Longhorn: Distributed Storage on NVMe

The whole point of those Pi 5 nodes was storage. Four 932GB NVMe SSDs sitting in the cluster, waiting for a distributed storage system to give them purpose. The previous occupant of that role, SeaweedFS, was torn down a few days ago after a long slide into irrelevance — it was an object store bolted onto USB SSDs with an operator that fought me at every turn. The docker registry it backed had been in CrashLoopBackOff since the teardown. Time for something better.

Why Longhorn

Longhorn is a distributed block storage system for Kubernetes. Unlike SeaweedFS (object storage, S3 API, filer abstraction, operator complexity), Longhorn provides plain old PersistentVolumes.
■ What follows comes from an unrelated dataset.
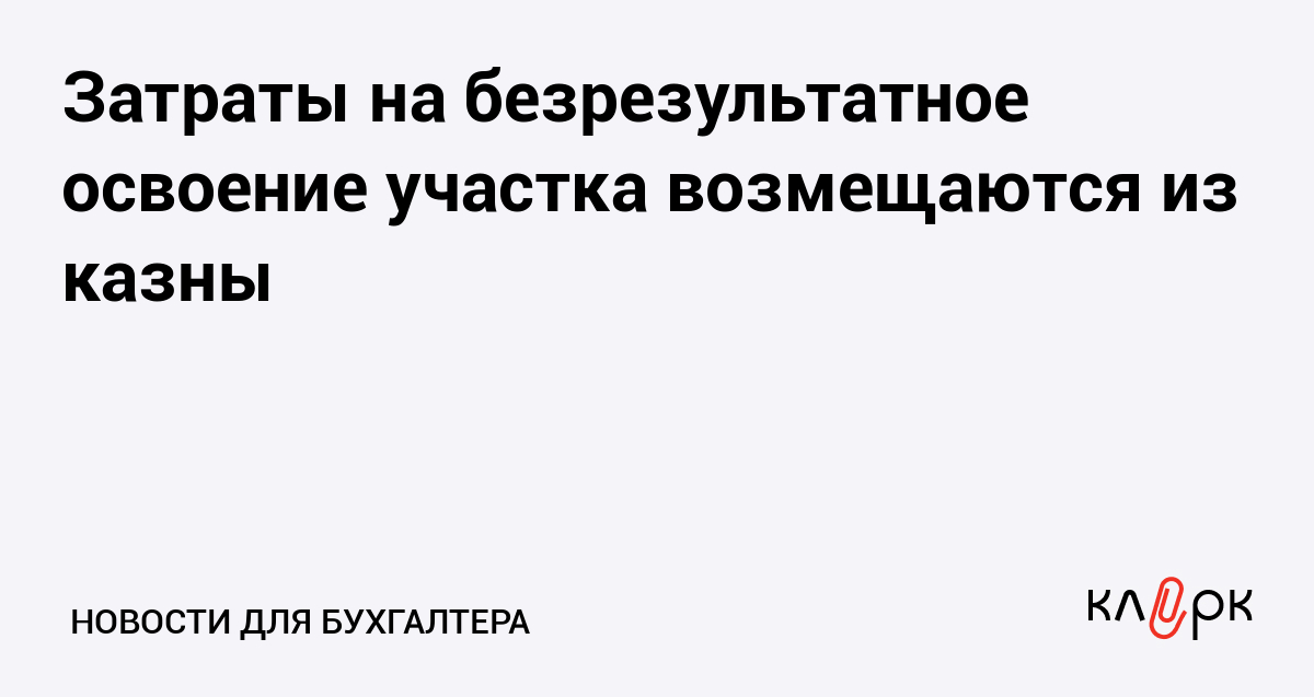 Затраты на безрезультатное освоение участка возмещаются из казны

You create a PVC, Longhorn allocates space on the NVMe drives, replicates the data across nodes, and serves it over iSCSI. No S3 buckets, no filer processes, no operator CRDs that refuse to delete cleanly. Just block storage.

The architecture:

  • Longhorn Manager: DaemonSet on every worker node. Creates node resources, manages replicas, orchestrates volume operations.
  • Engine + Instance Manager: Per-node processes that handle the actual iSCSI target serving and data replication.
  • CSI Plugin: DaemonSet on every node. Handles volume attach/detach/mount so any pod on any node can consume Longhorn volumes.
  • UI: Optional web dashboard. Handy for seeing disk utilization at a glance.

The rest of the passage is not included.